He is no longer the prophet who speaks from the platform of authorization. but instead the usher. the pointer-out who besides participates in larning in proportion to the verve and relevancy of his facts and experiences. In short. my construct of big instruction is this: a concerted venture in nonauthoritarian. informal acquisition. the main intent of which is to detect the significance of experience ; a pursuit of the head which digs down to the roots of the prepossessions which formulate our behavior ; a technique of larning for grownups that makes instruction coextensive with life and hence elevates populating itself to the degree of adventuresome experiment.

– quoted in Nadler. 1984. p. 6. 4 ( Nadler. 1990 ; Taylor. B. . Kroth. M. . 2009 ) No longer was instruction an exercising in memorising grammatical regulations or generation tabular arraies through repeat. instead it became a lesson in critical-thinking and larning how to inquire the appropriate inquiries of other grownup scholars ; basically to larn how to work together to learn themselves with pedagogues presuming the function of a manager. or an rational personal trainer.
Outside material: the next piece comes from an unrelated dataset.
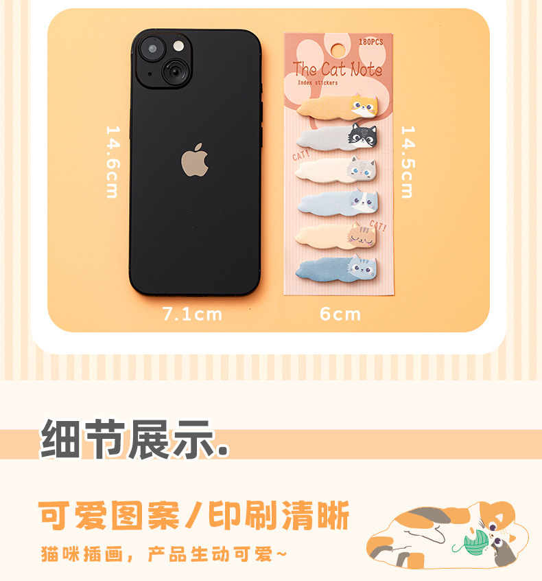 고양이 노트 더블 검지 색인 스티커 귀여운 만화 학생 포스트잇 노트 손 계정 분류 마커 작은 스트립 N 스티커

In fact Kroth even labels andragogy as being. “learner-focused education” while mentioning to teaching method as. “teacher-focused education” . with the former being experience based and the latter being information based. ( Taylor. B. . Kroth. M. . 2009 ) With this comparatively new method of learning pedagogues became better equipped in their raids into big instruction. Malcolm Knowles. who is widely considered the male parent of big instruction. laid the foundation for many of the current thoughts in grownup acquisition. besides known as the andragogical theoretical account. in his book. The Modern Practice of Adult Education: Andragogy Versus Pedagogy ( 1970 ) .

( Lee. 1998 ) . Knowles’s book was premised on four basic premises about grownup scholars: “1. self-concept. 2. experience. 3. preparedness to larn. and 4. orientation to larning. ” ( Lee. 1998 ) . These rules have been expounded upon ad infinitum. but they remain the nucleus of grownup acquisition. An scrutiny of these rules begins with self-concept. As grownups. scholars have a more developed sense of who they are based on the accretion of life’s experiences. leting them struggle less with individuality and self-esteem and concentrate more on the art of acquisition.

Experience plays a really similar function. but besides allows them to use skill-sets already developed in fostering their acquisition calling. An grownup learner’s preparedness to larn is normally motivated by many things ; a desire to obtain a grade ; calling promotion ; societal position. etc… Additionally. grownups have a more planetary position of the importance of puting their clip and energy into instruction. Finally. as grownups. the old ages spent in school from childhood to striplings have been a antic indoctrination into the educational procedure.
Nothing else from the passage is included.